About Anthropic
- Anthropic’s mission is to create reliable, interpretable, and steerable AI systems. We want AI to be safe and beneficial for our users and for society as a whole. Our team is a quickly growing group of committed researchers, engineers, policy experts, and business leaders working together to build beneficial AI systems.
About the role
- Data Infrastructure designs, operates, and scales secure, privacy-respecting systems that power data-driven decisions across Anthropic. Our mission is to provide data processing, storage, and access that are trusted, fast, and easy to use.
- We're looking for infrastructure engineers who thrive working at the intersection of data systems, security, and scalability. You'll tackle diverse challenges ranging from building financial reporting pipelines to architecting access control systems to ensuring cloud storage reliability. This role offers the opportunity to work directly with data scientists, analysts, and business stakeholders while diving deep into cloud infrastructure primitives.
Responsibilities
- Within Data Infra, you may be matched to critical business areas including:
- Data Governance & Access Control: Design and implement robust access control systems ensuring only authorized users can access sensitive data. Build infrastructure for permission management, audit logging, and compliance requirements. Work on IAM policies, ACLs, and security controls that scale across thousands of users and systems.
- Financial Data Infrastructure: Build and maintain data pipelines and warehouses powering business-critical reporting. Ensure data integrity, accuracy, and availability for complex financial systems, including third party revenue ingestion pipelines; manage the external relationships as needed to drive upstream dependencies. Own the reliability of systems processing revenue, usage, and business metrics.
- Cloud Storage & Reliability: Architect disaster recovery, backup, and replication systems for petabyte-scale data. Ensure high availability and durability of data stored in cloud object storage (GCS, S3). Build systems that protect against data loss and enable rapid recovery.
- Data Platform & Tooling: Scale data processing infrastructure using technologies like BigQuery, BigTable, Airflow, dbt, and Spark. Optimize query performance, manage costs, and enable self-service analytics across the organization.

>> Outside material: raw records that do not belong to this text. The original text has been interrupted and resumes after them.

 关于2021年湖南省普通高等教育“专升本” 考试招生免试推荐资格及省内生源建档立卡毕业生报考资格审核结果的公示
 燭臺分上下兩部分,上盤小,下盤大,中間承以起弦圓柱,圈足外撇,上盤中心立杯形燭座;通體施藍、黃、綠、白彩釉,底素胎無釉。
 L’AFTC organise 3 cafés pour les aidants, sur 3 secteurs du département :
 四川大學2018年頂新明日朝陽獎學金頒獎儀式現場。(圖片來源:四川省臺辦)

You might be a good fit if you
- Have 6+ years (not including internships or co-ops) of experience in a Software Engineer role, building data infrastructure, storage systems, or related distributed systems
- Have 1+ years (not including internships or co-ops) of experience leading large scale, complex projects or teams
- Have deep experience with at least one of:
- Strong proficiency in programming languages like Python, Go, Java, or similar
- Experience with infrastructure-as-code (Terraform, Pulumi) and cloud platforms (GCP, AWS)
- Can navigate complex technical tradeoffs between performance, cost, security, and maintainability
- Have excellent collaboration skills - you work well with both technical and non-technical stakeholders
- Are comfortable with ambiguity and can independently scope and drive large projects
Strong candidates may also have
- Experience with security and compliance requirements (ITGC, GDPR, financial controls)

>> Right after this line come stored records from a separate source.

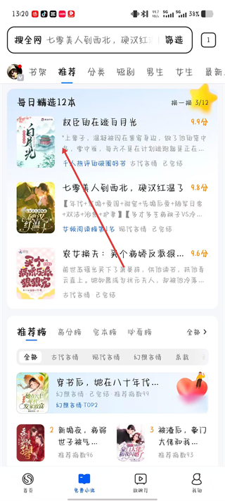 2、在免費小說頁面,選擇一本想要加入書架的小說并點擊。
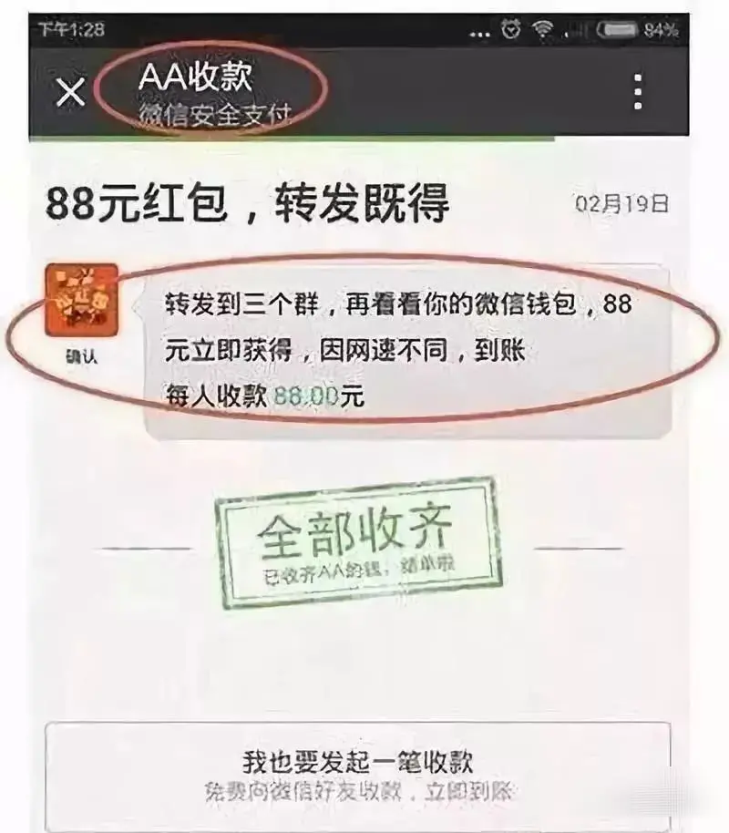 警惕写着“送钱”“现金礼包”“AA红包”等字样的红包骗局。此类红包往往对微信AA收款界面进行略微改动,加上“送钱”“现金礼包”等字样,让用户误以为输入密码是在领红包,但实际上却是给对方转账。
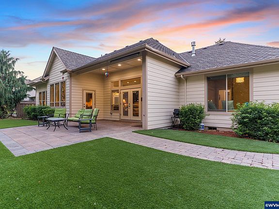 This beautifully maintained home is the newest in McNary Estates, offering main-level living with an upstairs bonus room or guest suite that includes a wet bar and full bath. The main level features an open-concept design with a spacious granite island, hand-scraped maple flooring, and high ceilings adorned with crown molding and a floor-to-ceiling fireplace surround. The primary bedroom boasts a full en-suite bathroom with a soaking tub. The backyard provides complete wooded privacy with a covered patio.
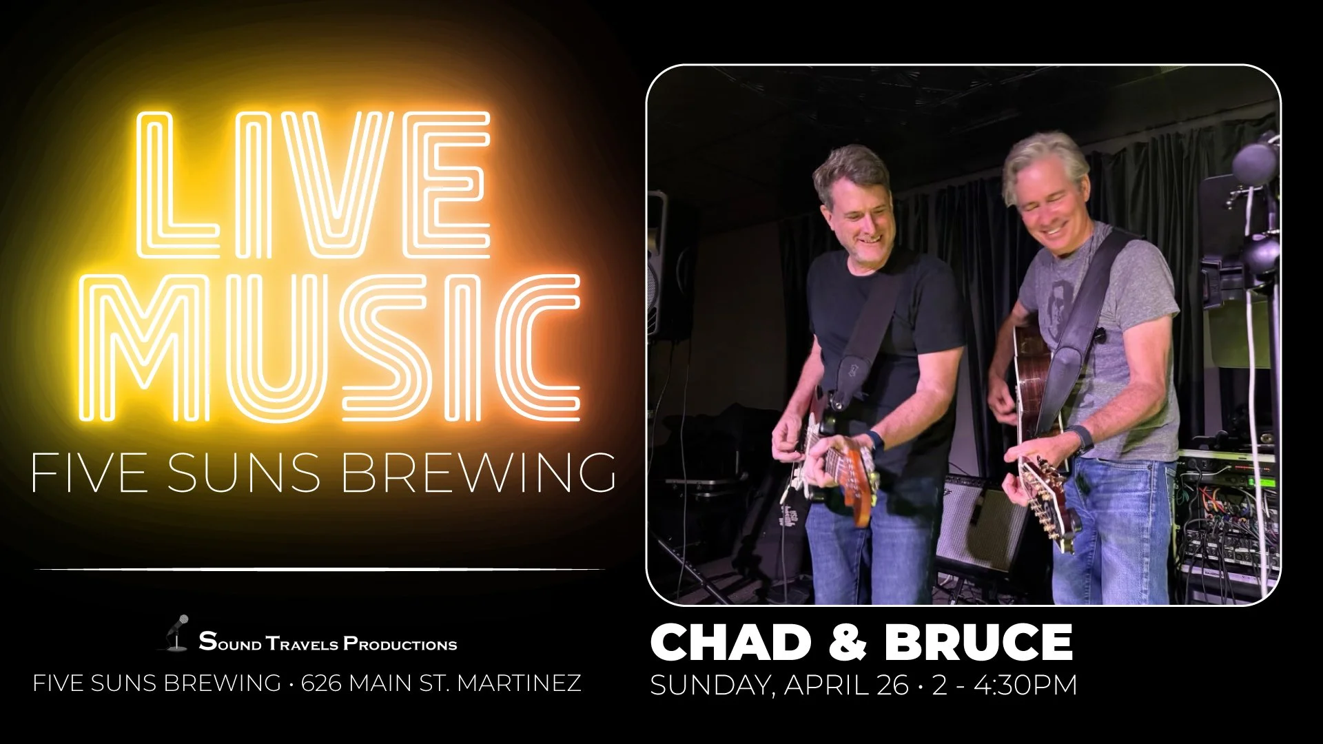 Back to All Events Live Music – Chad & Bruce Sunday, April 26, 2026 2:00 PM 4:30 PM Five Suns Brewing 626 Main Street Martinez, CA, 94553 United States (map) Google Calendar ICS Get ready for a nostalgic, high-energy session as Chad and Bruce, also known as CBD, perform live music! This dynamic duo is stripping down your favorite 80s and 90s hits for an afternoon of relaxing acoustic music.

- Background in data warehousing, ETL/ELT pipelines, or analytics infrastructure
- Experience with Kubernetes, containerization, and cloud-native architectures
- Track record of improving data reliability, availability, or cost efficiency at scale
- Knowledge of column-oriented databases, OLAP systems, or big data processing frameworks
- Experience working in fintech, financial services, or highly regulated environments
- Security engineering background with focus on data protection and access controls
Technologies We Use
- Data: BigQuery, BigTable, Airflow, Cloud Composer, dbt, Spark, Segment, Fivetran
- Storage: GCS, S3
- Infrastructure: Terraform, Kubernetes, GCP, AWS
- Languages: Python, Go, SQL
Deadline to apply: None. Applications will be reviewed on a rolling basis.
- The annual compensation range for this role is listed below.
- For sales roles, the range provided is the role’s On Target Earnings ("OTE") range, meaning that the range includes both the sales commissions/sales bonuses target and annual base salary for the role.
How we're different
- We believe that the highest-impact AI research will be big science. At Anthropic we work as a single cohesive team on just a few large-scale research efforts. And we value impact — advancing our long-term goals of steerable, trustworthy AI — rather than work on smaller and more specific puzzles. We view AI research as an empirical science, which has as much in common with physics and biology as with traditional efforts in computer science. We're an extremely collaborative group, and we host frequent research discussions to ensure that we are pursuing the highest-impact work at any given time. As such, we greatly value communication skills.
- The easiest way to understand our research directions is to read our recent research. This research continues many of the directions our team worked on prior to Anthropic, including: GPT-3, Circuit-Based Interpretability, Multimodal Neurons, Scaling Laws, AI & Compute, Concrete Problems in AI Safety, and Learning from Human Preferences.